Work required:
Take the lines from the head of the listing through the one bearing "A hand grips" and copy them exactly, leaving every picture out.

Provided records:
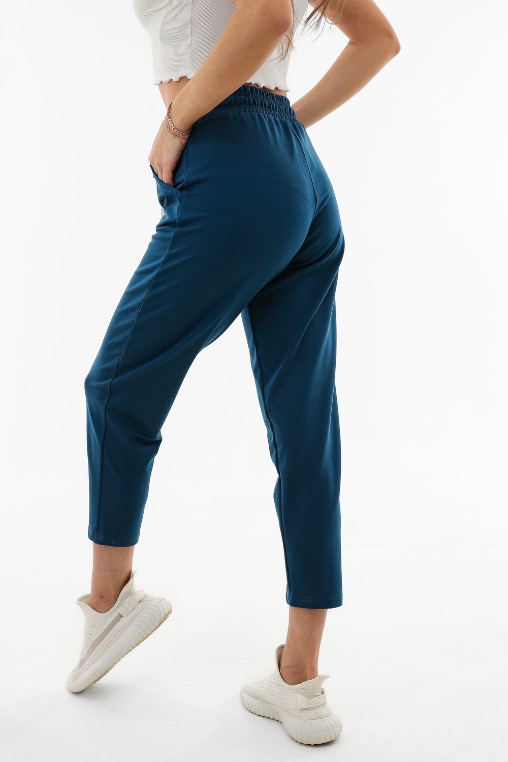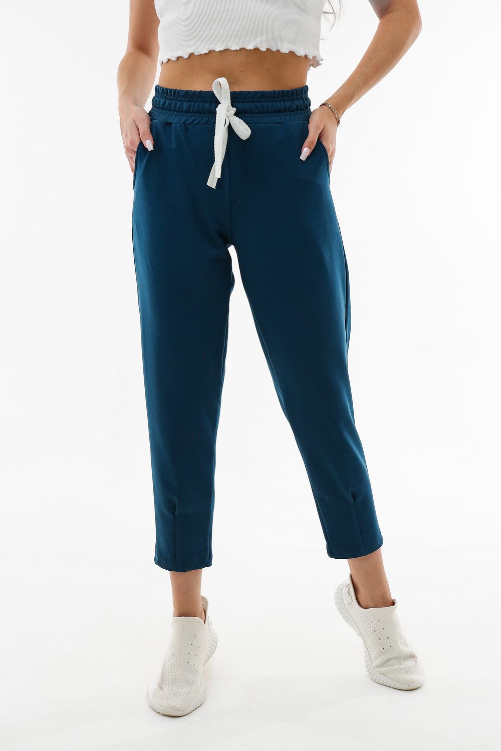 Moses. Брюки-трико (2-х нитка) женские 3/4 трикотажные. В данной модели имеется два функциональных кармана, пояс на резинке с регулируемым шнурком. Отлично подходят для повседневной носки, спорта и отдыха.
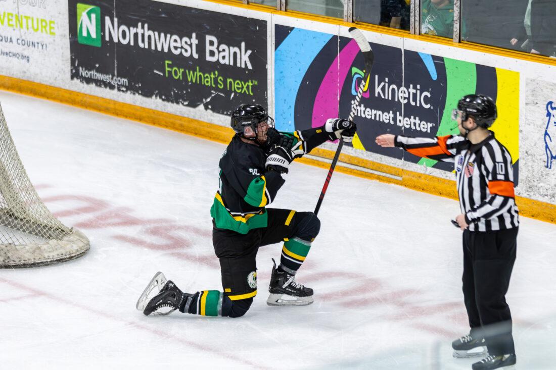 JCC captain Nate Stephens celebrates his hat-trick goal in the third period of Sunday’s game against Canisius at Northwest Arena. Photo courtesy of Alex Kolstee
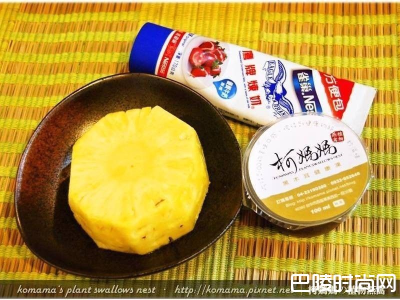 1准备新鲜凤梨、黑木耳健康冻与炼乳等相关料理食材。
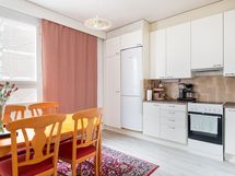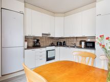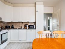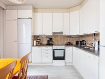 - Jääkaappi/pakastin, uuni, liesi, liesituuletin, astianpesukone. Seinät maali, välitila laatta, lattia laminaatti.
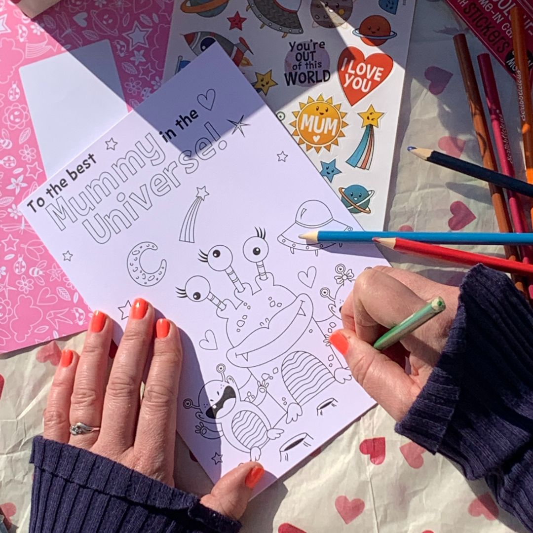 Details: A fun multi-caption greeting card designed for a child to personalise, it comes complete with a set of themed stickers inside and named stickers including Mum, Mummy, Grandma, Granny, Nan, Nana, Nanny and Gran that can be added to the card once it has been coloured in
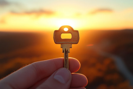 A hand grips a golden key while a vibrant sunset creates a serene background.
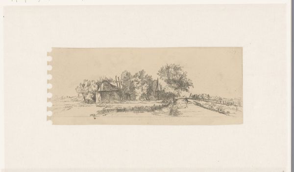 Editor: This is "Landscape with Brook and House," a pencil drawing by Barend Cornelis Koekkoek, made sometime between 1829 and 1844. It's currently held at the Rijksmuseum. The sketch has an enchanting, almost fairy-tale quality despite the humble materials. What captures your eye most in this landscape? Curator: The quiet intimacy of the scene speaks to me. I can almost hear the brook trickling, imagine the cool dampness of the earth. Notice how Koekkoek, though working only in pencil, manages to create such depth. It feels less like a precise record and more like a memory of a place. Editor: A memory… that’s a great way to describe it! The blurred edges do give it that feeling. What does the house signify to you? Curator: For me, the house anchors the romanticism of the scene, brings it down to earth with the promise of the everyday, of lives being lived within its walls. It’s not a grand castle, but a simple, solid dwelling, merging with the nature surrounding it. What thoughts does it stir in you? Editor: It’s true, it definitely feels more lived-in than idealized. Maybe it's the ordinariness combined with that dreamlike quality that makes it feel like such a personal expression, something deeply felt and rendered in a fleeting moment. Curator: Absolutely. And seeing it now, I wonder if Koekkoek wasn't trying to capture not just a place, but a feeling—that sense of belonging and harmony with nature that defined the Romantic era. Food for thought, indeed. Editor: Indeed, I'm struck by how a simple pencil drawing can hold such layers of meaning and evoke such strong emotions.

Response area:
 Moses. Брюки-трико (2-х нитка) женские 3/4 трикотажные. В данной модели имеется два функциональных кармана, пояс на резинке с регулируемым шнурком. Отлично подходят для повседневной носки, спорта и отдыха.
 JCC captain Nate Stephens celebrates his hat-trick goal in the third period of Sunday’s game against Canisius at Northwest Arena. Photo courtesy of Alex Kolstee
 1准备新鲜凤梨、黑木耳健康冻与炼乳等相关料理食材。
 - Jääkaappi/pakastin, uuni, liesi, liesituuletin, astianpesukone. Seinät maali, välitila laatta, lattia laminaatti.
 Details: A fun multi-caption greeting card designed for a child to personalise, it comes complete with a set of themed stickers inside and named stickers including Mum, Mummy, Grandma, Granny, Nan, Nana, Nanny and Gran that can be added to the card once it has been coloured in
 A hand grips a golden key while a vibrant sunset creates a serene background.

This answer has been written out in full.